Dear ST Support Team,

I am currently working on a binary voice classification task on the STEVAL-STWINBX1 (for example, “echo” vs “other”) using NanoEdge AI Studio 5.0.2, and I would like to ask for your advice.

My workflow

  1. Data collection

    • I use STEVAL-STWINBX1 to collect voice data.

    • Each sample is 1 second long.

    • I collected more than 200 samples per class.

    • Data acquisition firmware:

      • fp-sns-datalog2\fp-sns-datalog2\STM32CubeFunctionPack_DATALOG2_V3.1.0\Projects\STM32U585AI-STWIN.box\Applications\DATALOG2

  2. Dataset conversion

    • I use batch_to_nanoedge.bat to batch-convert the collected files into NanoEdge-compatible format.

  3. Training in NanoEdge AI Studio 5.0.2

    • I import the converted data into NanoEdge AI Studio 5.0.2

    • Perform Data Management (DM)

    • Train a classification model

    • Many generated models show accuracy above 97% in Studio

  4. Deployment to MCU

Problem

Although the classification accuracy in NanoEdge AI Studio is very high (often >97%), the real-time classification accuracy on the MCU is very poor.

My question / suspicion

I suspect that the data used by NanoEdge AI Studio for training/classification may not be the same representation as the raw data sent to the NanoEdge library on the MCU. For example:

  • Studio-side data may be normalized, or

  • converted using microphone sensitivity scaling
    while the MCU-side classifier may be receiving raw sensor data directly.

This possible mismatch might explain the large accuracy gap between Studio and MCU deployment.

Questions

  1. Is there any issue with the workflow I am using?

  2. For voice classification on STEVAL-STWINBX1, what is the recommended way to ensure that the training data format and MCU runtime input format are strictly consistent?

  3. Does NanoEdge AI Studio expect raw sensor samples, sensitivity-scaled values, or normalized inputs for this type of workflow?

  4. Have you seen similar cases (high Studio accuracy but poor MCU accuracy), and what are the common causes / best practices to solve them?

Any guidance would be greatly appreciated.

Thank you very much for your support.

Best regards,

1 REPLY 1
Julian E.
ST Employee

Hi @dzf,

 

Your workflow seems correct. I suspect overfitting or an issue in your firmware.

 

Could you please split your data in a train and a test set (70%/30%). Please shuffle them before the split.
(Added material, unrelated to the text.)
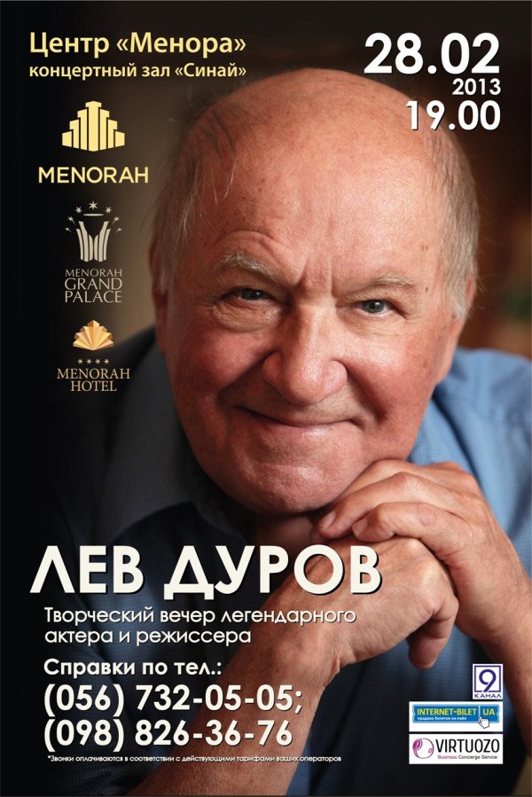 Творческий вечер народного артиста СССР Льва Дурова відбудеться 28 лютого 2013, 19:00, четвер в БЦ Менора, зал "Синай". За допомогою сервісу internet-bilet.ua, Ви зможете з легкістю забронювати, замовити та купити квитки на концерт, спектакль, оперу, балет, майстер-класи, спортивні та дитячі заходи, що Вас цікавлять, оплативши їх найбільш зручним для Вас способом: через інтернет банківською карткою VISA/MasterCard, готівкою або кур'єром, якщо зробите замовлення квитка з доставкою.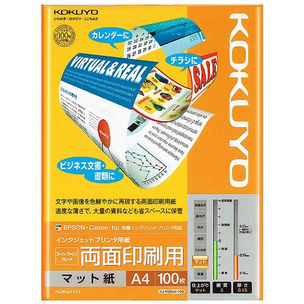 KJ-M26A4-100(IJP用マット紙/スーパーファイングレード/両面印刷用/A4サイズ/100枚)

Then run a benchmark with the train data and use the "Validation step" to test some libraries with the test data.

 

What could happen is that the last libraries overfit on the data making them work well on training data, but not so much on "new"/test data.

 

If you have bad validation results, this is probably an overfitting problem:

  • Try to use more data for the benchmark
  • Try to see if "worse libraries" or libraries found earlier in the benchmark work better.

If you have good validation results, then the problem is not coming from the library:

  • Make sure that the data you acquire in the firmware to run the inference are exactly the same as the ones you collected to train the model.
  • Make sure that your sensor is collecting data correctly.